Acoustic recording of human and honeyguide communication during a honey-hunt. Photo by Claire Spottiswoode.
In a new study from the Honeyguide Research Project, we are excited to present evidence that honeyguides occasionally guide humans to non-bee animals. Our research – which builds on centuries of reports by a wide variety of human cultures across Africa – shows how the behaviour of honeyguides when guiding humans to wild bees’ nests, is spatially and acoustically similar to when honeyguides guide humans to other kinds of animal.
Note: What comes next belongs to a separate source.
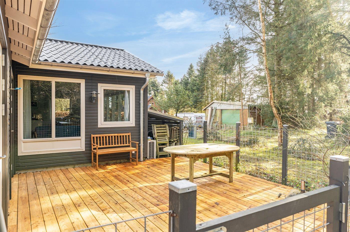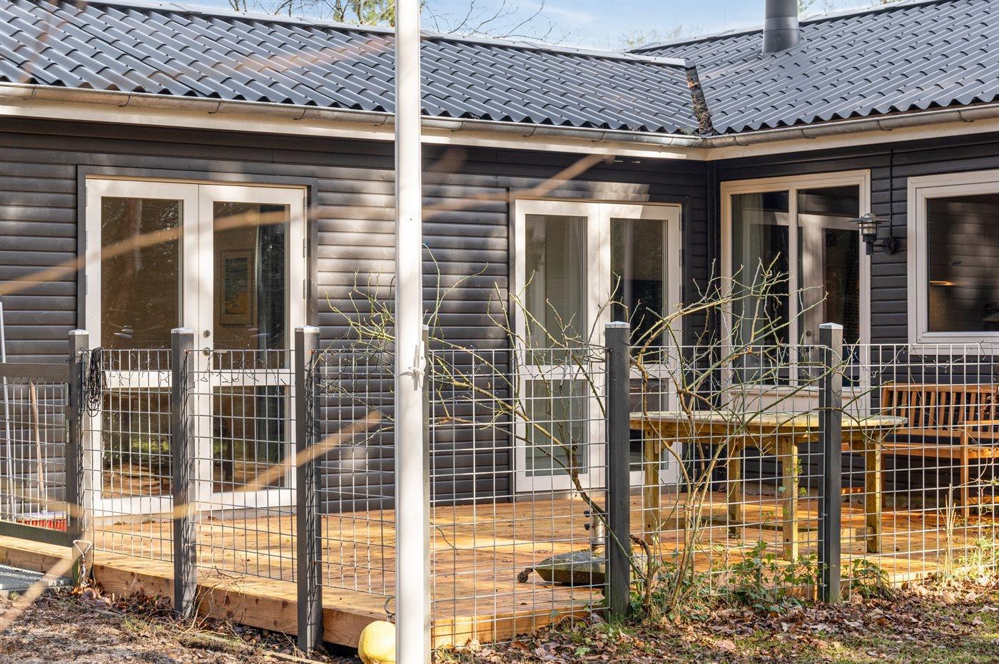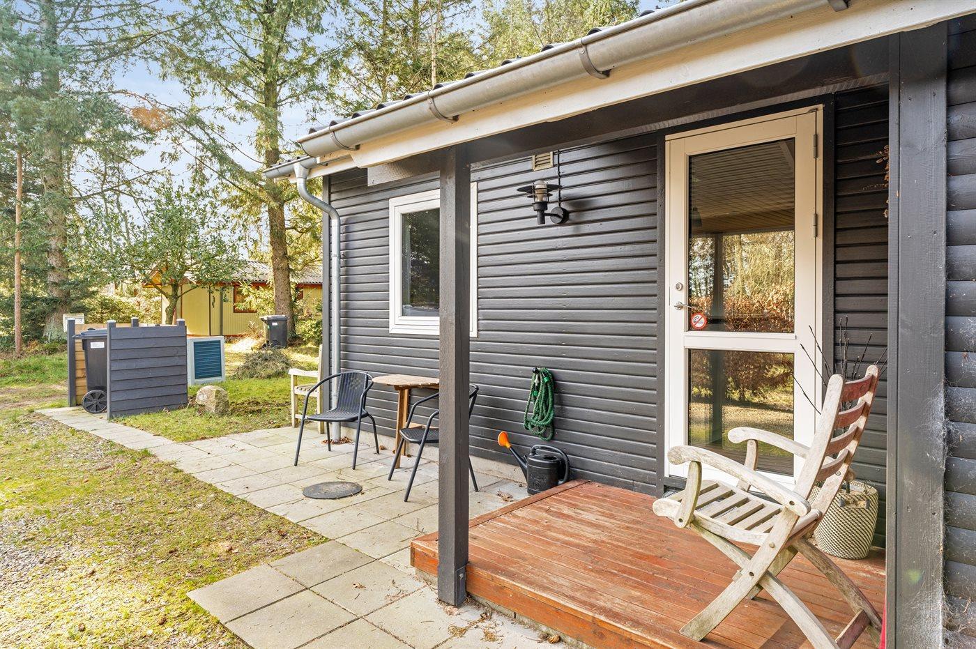 Ferieboligen er beliggende på en 1300 m² stor naturgrund. Der er 36000 m til havet. Der er 250 m til fjorden. Der er en badebro i nærheden. Nærmeste forretning er beliggende i en afstand af 5000 m. Der er en golfbane i en afstand af 15000 m. Til ferieboligen hører 30 m² lukket terrasse. Gynge. Udendørs bruser. Grill til rådighed. Der er installeret stik til opladning af elbil (ladekabel skal medbringes). Parkering ved ferieboligen.

In Niassa Special Reserve, where this research was conducted, we find this to be a rare behaviour (occurring on around 1% of honey-hunting interactions). We suggest that the most likely explanation for such behaviour is not as punishment for not previously rewarding the birds with beeswax, nor as a form of altruistic warning behaviour, but rather, due to cognitive mistakes in the birds’ spatial recall. One news piece neatly titled this “Malice or Memory-lapse?”, making us wish we’d thought of this title first.
For more details, see “To bees or not to bees: greater honeyguides sometimes guide humans to animals other than bees, but likely not as punishment” by David Lloyd-Jones, honey-hunter Musaji Muamedi and project leader Claire Spottiswoode, published in Ecology and Evolution.